Starting at the line with "Ein faszinierendes Stillleben" and ending at the line with "This Suite comes", print exactly the lines of the entries below. Pictures do not belong in the copy.

▶ _Exercise inputs_:
* * * * * * * * *

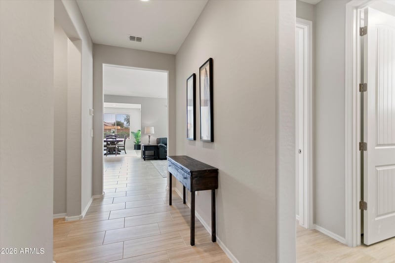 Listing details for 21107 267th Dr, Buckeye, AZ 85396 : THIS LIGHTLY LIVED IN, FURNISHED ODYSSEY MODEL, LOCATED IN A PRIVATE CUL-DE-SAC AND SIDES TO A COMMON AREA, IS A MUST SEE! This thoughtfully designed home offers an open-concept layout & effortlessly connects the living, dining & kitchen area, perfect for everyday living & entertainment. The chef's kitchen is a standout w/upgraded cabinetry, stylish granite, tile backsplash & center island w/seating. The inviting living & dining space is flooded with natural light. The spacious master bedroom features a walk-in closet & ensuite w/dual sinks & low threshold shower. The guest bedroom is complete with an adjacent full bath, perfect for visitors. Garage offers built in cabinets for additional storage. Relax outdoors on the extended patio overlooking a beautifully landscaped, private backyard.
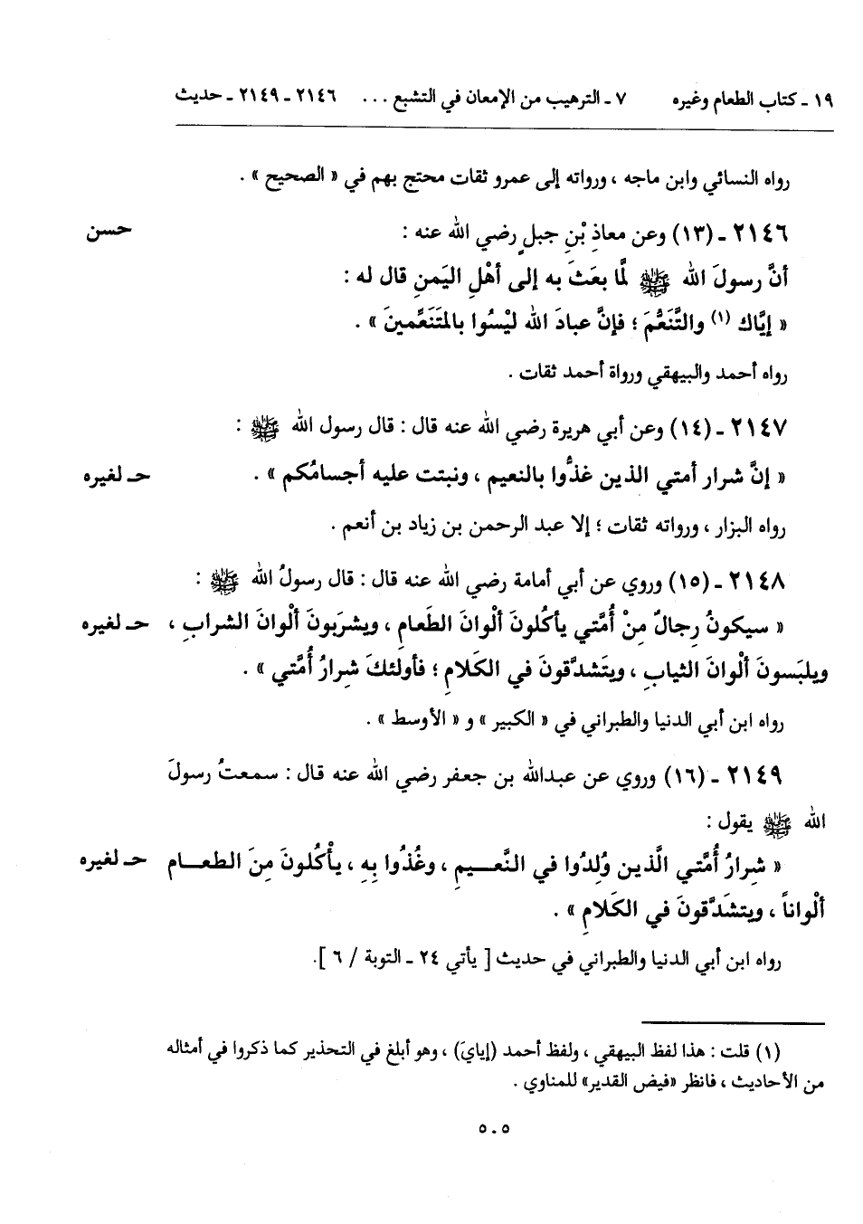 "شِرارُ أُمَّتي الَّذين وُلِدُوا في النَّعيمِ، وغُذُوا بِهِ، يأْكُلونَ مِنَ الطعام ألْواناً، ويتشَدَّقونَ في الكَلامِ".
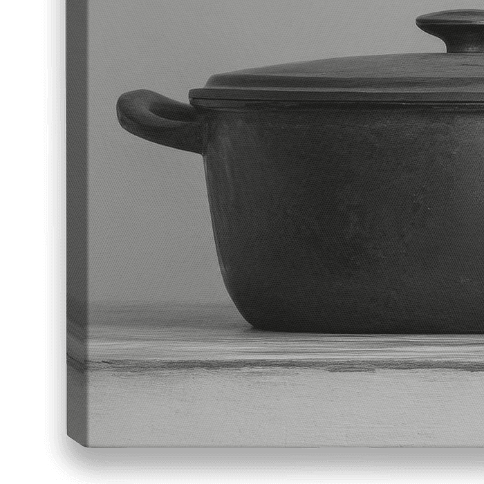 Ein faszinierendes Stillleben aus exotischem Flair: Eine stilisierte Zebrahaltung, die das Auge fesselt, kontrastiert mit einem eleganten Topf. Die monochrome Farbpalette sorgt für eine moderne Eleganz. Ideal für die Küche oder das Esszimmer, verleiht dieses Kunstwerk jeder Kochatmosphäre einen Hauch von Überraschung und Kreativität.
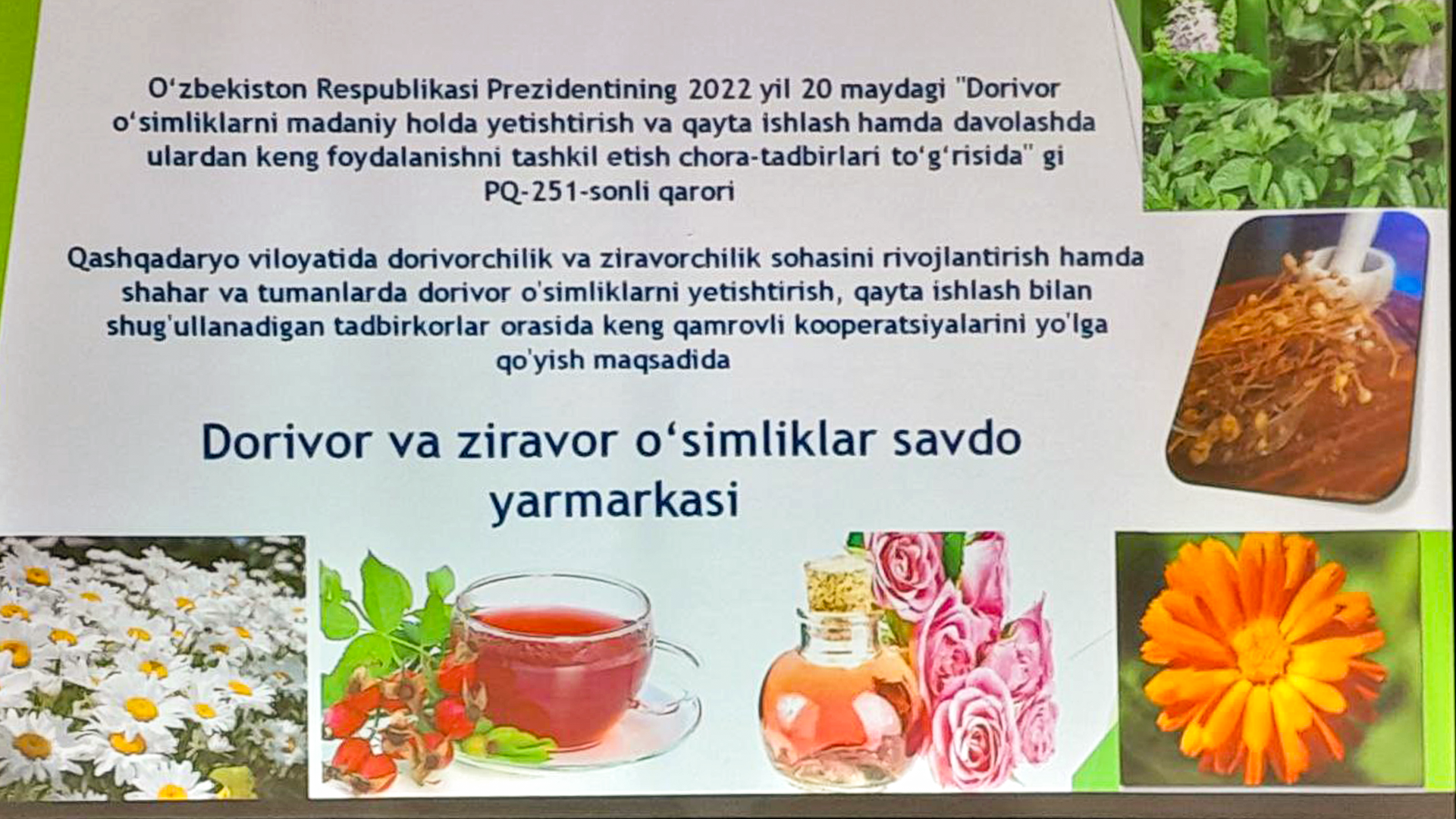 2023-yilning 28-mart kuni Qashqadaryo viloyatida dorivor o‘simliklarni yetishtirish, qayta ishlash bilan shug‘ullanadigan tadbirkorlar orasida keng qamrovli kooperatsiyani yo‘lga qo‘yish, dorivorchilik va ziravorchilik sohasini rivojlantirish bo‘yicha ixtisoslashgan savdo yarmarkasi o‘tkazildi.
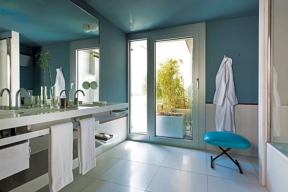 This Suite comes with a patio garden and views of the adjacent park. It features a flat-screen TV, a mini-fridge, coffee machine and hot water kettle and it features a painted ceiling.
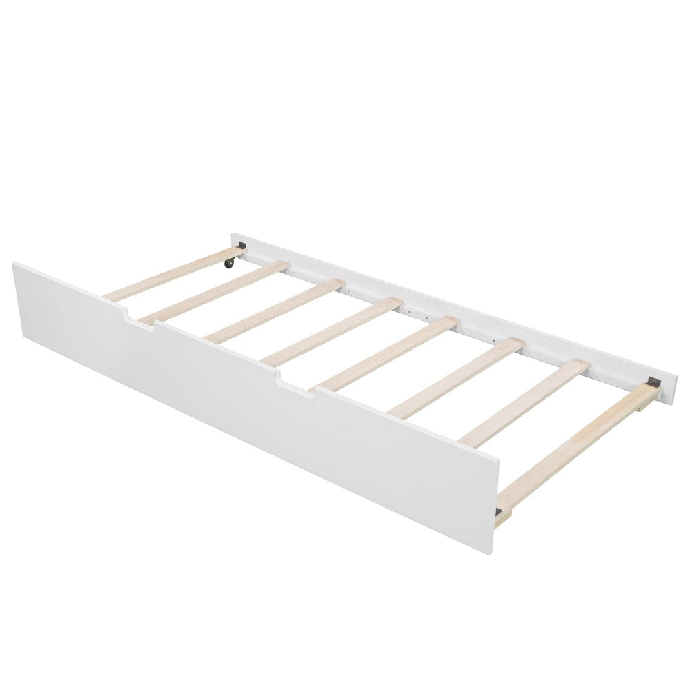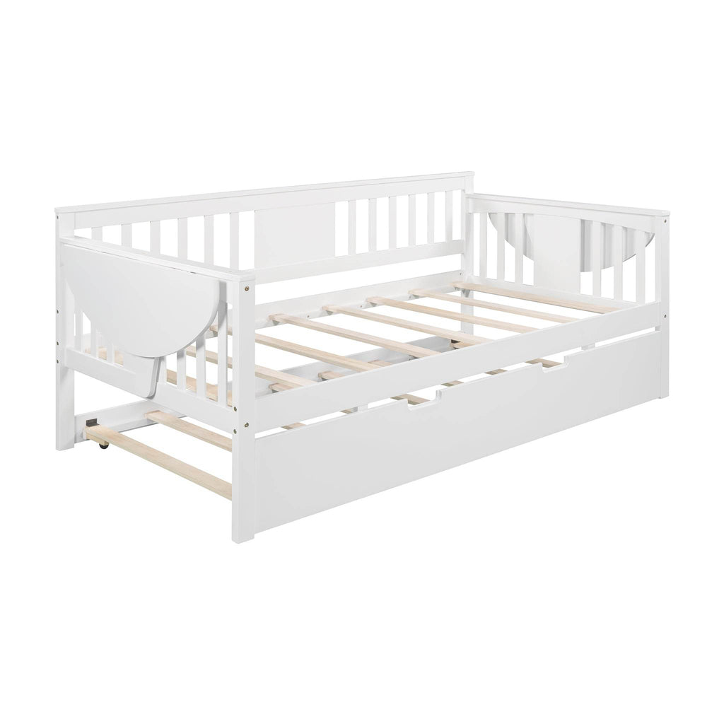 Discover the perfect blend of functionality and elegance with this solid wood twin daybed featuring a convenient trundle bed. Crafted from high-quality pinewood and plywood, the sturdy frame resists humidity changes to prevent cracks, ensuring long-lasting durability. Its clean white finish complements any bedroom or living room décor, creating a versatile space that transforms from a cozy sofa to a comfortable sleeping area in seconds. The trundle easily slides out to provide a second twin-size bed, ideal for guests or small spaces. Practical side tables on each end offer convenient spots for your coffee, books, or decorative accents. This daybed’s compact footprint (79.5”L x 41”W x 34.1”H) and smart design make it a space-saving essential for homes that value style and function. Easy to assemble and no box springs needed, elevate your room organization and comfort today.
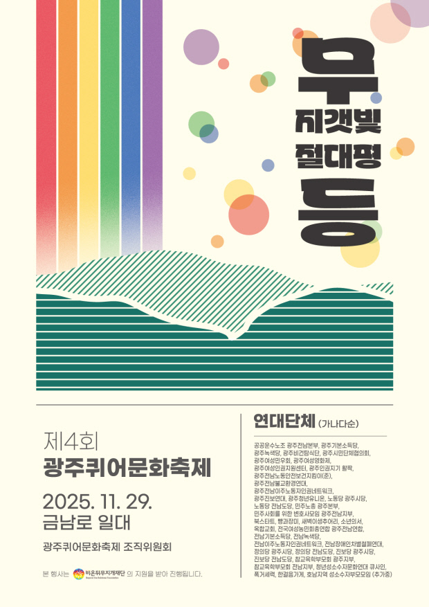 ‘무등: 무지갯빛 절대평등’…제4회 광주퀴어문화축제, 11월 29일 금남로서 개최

* * * * * * * * *

▶ _Solution_:
 Ein faszinierendes Stillleben aus exotischem Flair: Eine stilisierte Zebrahaltung, die das Auge fesselt, kontrastiert mit einem eleganten Topf. Die monochrome Farbpalette sorgt für eine moderne Eleganz. Ideal für die Küche oder das Esszimmer, verleiht dieses Kunstwerk jeder Kochatmosphäre einen Hauch von Überraschung und Kreativität.
 2023-yilning 28-mart kuni Qashqadaryo viloyatida dorivor o‘simliklarni yetishtirish, qayta ishlash bilan shug‘ullanadigan tadbirkorlar orasida keng qamrovli kooperatsiyani yo‘lga qo‘yish, dorivorchilik va ziravorchilik sohasini rivojlantirish bo‘yicha ixtisoslashgan savdo yarmarkasi o‘tkazildi.
 This Suite comes with a patio garden and views of the adjacent park. It features a flat-screen TV, a mini-fridge, coffee machine and hot water kettle and it features a painted ceiling.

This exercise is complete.